A lei não admite que a criança ou adolescente “decida” prostituir-se, pois não reconhece que elas tenham maturidade e autonomia de vontade suficientes para dedicar-se a essa atividade. Por consequência, qualquer pessoa envolvida na prostituição de crianças e adolescentes será passível de punição.

A prostituição e a Classificação Brasileira de Ocupações (CBO)

A Classificação Brasileira de Ocupações (CBO) é uma tabela realizada pelo Ministério do Trabalho e Emprego (MTE) com a finalidade de identificar as ocupações no mercado de trabalho, para fins estatísticos e de registro administrativo. Não se confunde com a regulamentação de profissão, que é feita por lei aprovada pelo Congresso Nacional.

Portanto, o fato de uma atividade profissional estar relacionada na CBO não significa que o poder público brasileiro tenha regulamentado ou legalizado essa profissão. Trata-se simplesmente de reconhecer que determinada atividade é praticada como profissão por um grupo considerável de pessoas.

A CBO indica, no subgrupo 5198, a classificação de “profissional do sexo”, que inclui “garota de programa, garoto de programa, meretriz, messalina, michê, mulher da vida, prostituta, trabalhador do sexo”. Esses profissionais são descritos como as pessoas que “Buscam programas sexuais; atendem e acompanham clientes; participam em ações educativas no campo da sexualidade. As atividades são exercidas seguindo normas e procedimentos que minimizam a vulnerabilidades da profissão.”

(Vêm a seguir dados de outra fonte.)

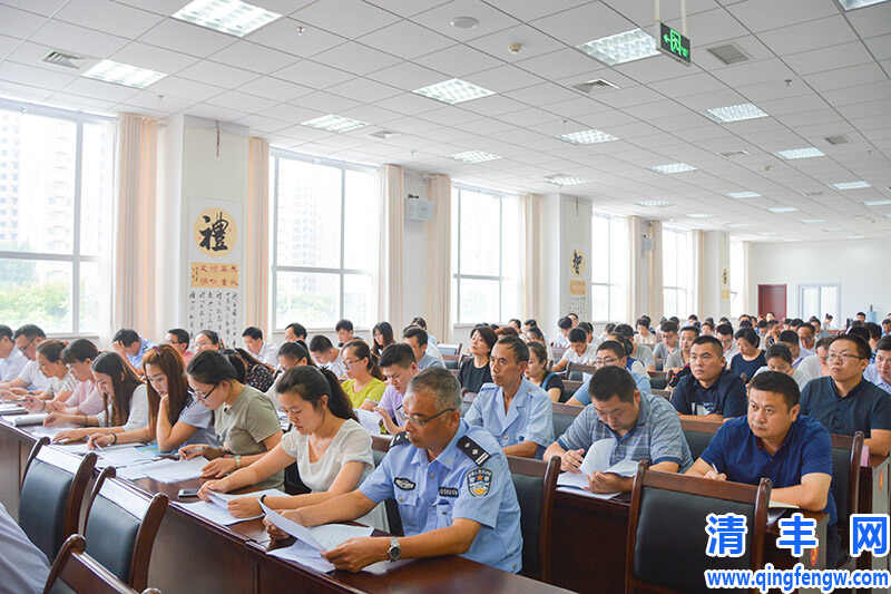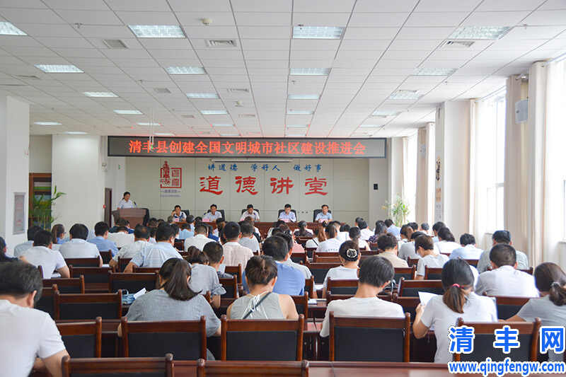 7月25日,我县召开创建全国文明城市社区建设推进会,清华社区等在内的6个社区的组成人员、各分包社区及分包成型小区的责任单位负责人以及文明办部分成员共计80余人参加会议。

Essa indicação na CBO, repita-se, não significa a regulamentação dessa profissão, muito menos estímulo do poder público à atividade. Apenas representa o reconhecimento, pelo MTE, de que grande número de pessoas adota a prostituição como atividade profissional, independentemente de julgamentos morais.

Aspectos finais

A prostituição não é crime nem atividade ilegal no Brasil. A exploração dela é que pode ser punida, assim como a prostituição de crianças e adolescentes, que não pode ser admitida em nenhum caso. Também não é profissão regulamentada, mas apenas atividade cuja existência é reconhecida pelo Ministério do Trabalho e Emprego, como não podia deixar de ser, sem que isso signifique estímulo ou apologia.

Prostitutas merecem respeito, pois são seres humanos como os demais e se dedicam a atividade cuja necessidade é comprovada pela sua própria longevidade. Não é à toa costumar-se dizer que a prostituição é a “profissão mais antiga” do mundo. Seja ou não, é realidade social cuja existência precisa ser admitida, sem hipocrisia. Muitas pessoas dedicadas à prostituição, se não a maioria, não realizam a atividade por deleite, mas por necessidade de ocupação e por falta de opção – embora não se deva ignorar a existência de pessoas na prostituição que estão por a preferirem a outras ocupações. A atividade, por si só, não gera mal para as demais pessoas.

O julgamento moral é individual. Se alguém não concorda com a prostituição, basta que não se utilize dos serviços de prostitutas. Embora as pessoas tenham o direito de intimamente reprovarem esse trabalho, isso não justifica o desrespeito, a violência nem, muito menos, a criminalização dessa atividade.